Universe

Should You Catch a Tossed Coin?

January 21, 2016 | Elizabeth Knowles

A hand flipping a coin into the air
Photo credit: Nicu Buculei/Flickr (CC BY-SA 2.0)

Or is it more random to let it fall?

Pretty much everyone, at one time or another, has flipped a coin to make a decision. Whether it was to pick what movie to watch with your family, or to make a life-changing choice, you probably assumed that there was a 50 percent chance that it would come up heads and a 50 percent chance that it would come up tails.

Have you ever actually thought about how fair a coin is? Well Persi Draconius, an American mathematician, former magician, and current randomness expert and professor at Stanford University, has. In fact, he made two whole Numberphile videos about it.

He explains that, if we had all the necessary information (how fast a coin was revolving and how fast it was moving vertically) we could calculate which way it would land. It’s basic physics after all!

He also explains that a typical coin flip isn’t completely random. There is a 51 percent chance that a coin will land the way it started. So, if you’re hoping for heads to come up, start with heads on top when you flip your coin. That tiny difference won’t change much, but you will up your chances ever so slightly. It can’t hurt to try, right?

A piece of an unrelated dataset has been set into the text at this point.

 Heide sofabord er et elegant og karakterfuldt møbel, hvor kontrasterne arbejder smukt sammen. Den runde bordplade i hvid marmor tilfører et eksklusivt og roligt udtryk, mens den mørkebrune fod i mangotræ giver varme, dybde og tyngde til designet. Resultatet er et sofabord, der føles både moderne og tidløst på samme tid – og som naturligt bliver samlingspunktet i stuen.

In a second video, he looks at whether a coin is more random if you catch it or if you let it hit a surface like a table. You might think that adding a human component — a hand — will interfere with the randomness, but that isn’t actually true. A coin that lands on a table tends to spin before it falls. If it is weighted a certain way, that will interfere with the randomness.

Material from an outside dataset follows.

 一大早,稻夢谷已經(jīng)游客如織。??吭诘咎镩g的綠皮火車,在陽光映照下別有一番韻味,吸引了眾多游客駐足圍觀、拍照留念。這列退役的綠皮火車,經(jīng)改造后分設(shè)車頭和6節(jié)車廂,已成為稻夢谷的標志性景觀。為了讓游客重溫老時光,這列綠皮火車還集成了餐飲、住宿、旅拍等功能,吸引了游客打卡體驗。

“A given coin has it’s own biased when spun on the edge. But that bias fluctuates from coin to coin,” he says. Coins with un-serrated edges tend to be most biased.

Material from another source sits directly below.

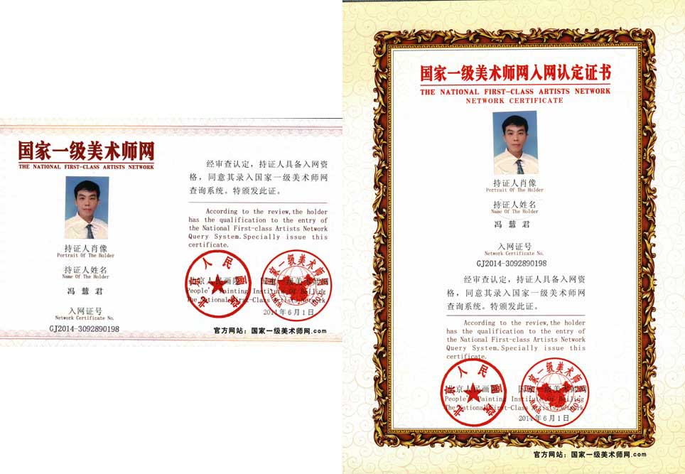 冯慧君,男,1962年生,中共党员,大学文化,从小习书作画,对书画及文学善于钻研。书画作品曾获首届全国硬笔书法大赛优秀奖,毛泽东诗词中国书画大赛铜奖;首届“精忠杯”全国书画剪纸大赛金奖;“唐诗、宋词、元曲”全国书画大赛特等奖;“和谐杯”全国诗书画摄影作品大展赛书法中青年组一等奖;海南省国防教育书画比赛绘画二等奖;纪念辛亥革命一百周年全球华人书画邀请展书法金奖。

However, regardless of how a coin is weighted, the odds won’t be affected so long as it is caught in the air and you neglect air resistance. To test this, Draconius created a coin where one side was made of balsa wood and the other side was made of lead. He flipped it many times and confirmed that the weighting of the coin didn’t affect the proportion of heads and tails as long as it was caught in the air and not given the chance to spin on a surface.

You might want to avoid trusting a coin to make a life-changing decision for you, but if you’re just looking for a quick and easy way to end a debate, go ahead and flip that coin — but don’t forget to catch it!